The solution is found in weakening the pathway that holds false beliefs and replacing it with a new, stronger pathway containing God’s truth. We can’t just decide not to think those negative thoughts about ourselves anymore, but must replace them with God’s truth about who we are. That is where the power of meditation should be employed. Neural pathways are established through the repetition and/or intensity of experiences, words spoken, etc.
Related to identity, we can intentionally lay in new pathways by meditating on what God says is true about us. We should read it over and over. When we read it aloud it adds an extra dimension to the meditation. When we write it out, that adds one more layer. When we talk about it with friends, it goes even deeper. Even writing with colors or attaching music to the words helps to create the new pathway more quickly. Memorizing the scripture adds another dimension.
The discipline in renewing the mind is found in consistent, intentional meditation on the Word of God. When the Holy Spirit joins in the process, he can write a revelation of God’s truth on our hearts. That is when transformation takes place by the renewing of the mind. If we have shame, unworthiness, and rejection deeply imbedded in us, it will take more consistency and intentionality on our part to create a stronger pathway. The psalmist declares, “Blessed is the man who does not walk in the counsel of the wicked or stand in the way of sinners or sit in the seat of mockers. But his delight is in the law of the Lord, and on his law he meditates day and night. He is like a tree planted by streams of water, which yields its fruit in season and whose leaf does not wither. Whatever he does prospers” (Ps. 1:1-3).
After the new pathway is sufficiently laid in and empowered by the Holy Spirit, when something comes up related to our value, worth, or competence our new neural pathway is accessed and we respond as a person who is confident in our worth, our capacities, and God’s love for us. We no longer feel wounded again or experience the pain of rejection. Satan labors in this field daily wanting us to believe we are beyond love, beyond God’s forgiveness and disqualified from his blessings and plan for our lives. We must be diligent to say only what God says about us Satan will reactivate the old, decayed pathway full of his lies.
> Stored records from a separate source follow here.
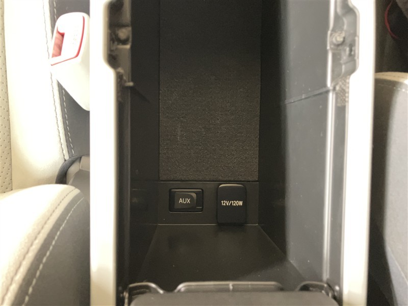 アームレスト内に12V/120Wのアクセサリーソケットと外部入力端子が配置されています。
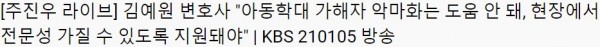 [제도 개선] 김예원 변호사 "아동학대 가해자 악마화는 도움 안 돼, 현장에서 전문성 가질 수 있도록 지원돼야… 페이지 정보 작성자 최고관리자 작성일22-07-12 13:27 조회1,043회 댓글0건 관련링크 https://www.youtube.com/watch?v=A30UVqDw1_g 656회 연결 이전글 다음글 목록 본문 https://www.youtube.com/watch?v=A30UVqDw1_g 이전글 다음글 목록
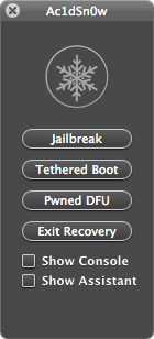 Il PwnDevTeam ha appena rilasciato la prima Beta di Ac1dSn0w per Mac OS X Lion, che dovrebbe girare senza problemi anche su Snow Leopard. Ac1dSn0w consente di effettuare il tethered jailbreak sul nostro iDevice. Fornisce inoltre funzionalità come Boot Tethered, DFU e Exit Recovery.
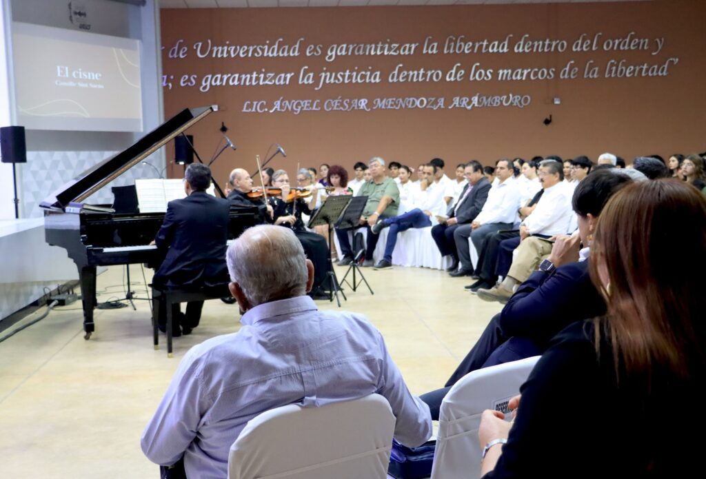 La Universidad Autónoma de Baja California Sur (UABCS), como parte de sus festejos por el 50 aniversario, llevó a cabo el concierto “Los pianistas”, una velada musical que reunió a destacadas figuras del ámbito artístico sudcaliforniano en el Poliforo Cultural Universitario Lic. Ángel César Mendoza Arámburo.

If you struggle with your identity, your self-esteem, begin to read God’s word with an eye toward seeing who the Father says you are in Christ. Find a half dozen scriptures the Holy Spirit highlights for you and meditate on them day and night. To become who God has called us to be, we must see ourselves as that person. Set a goal of reading these scriptures out loud, writing them down, talking about them, singing them, etc. every day for ninety days. You will see transformation take place in your life. Have your children do it with you!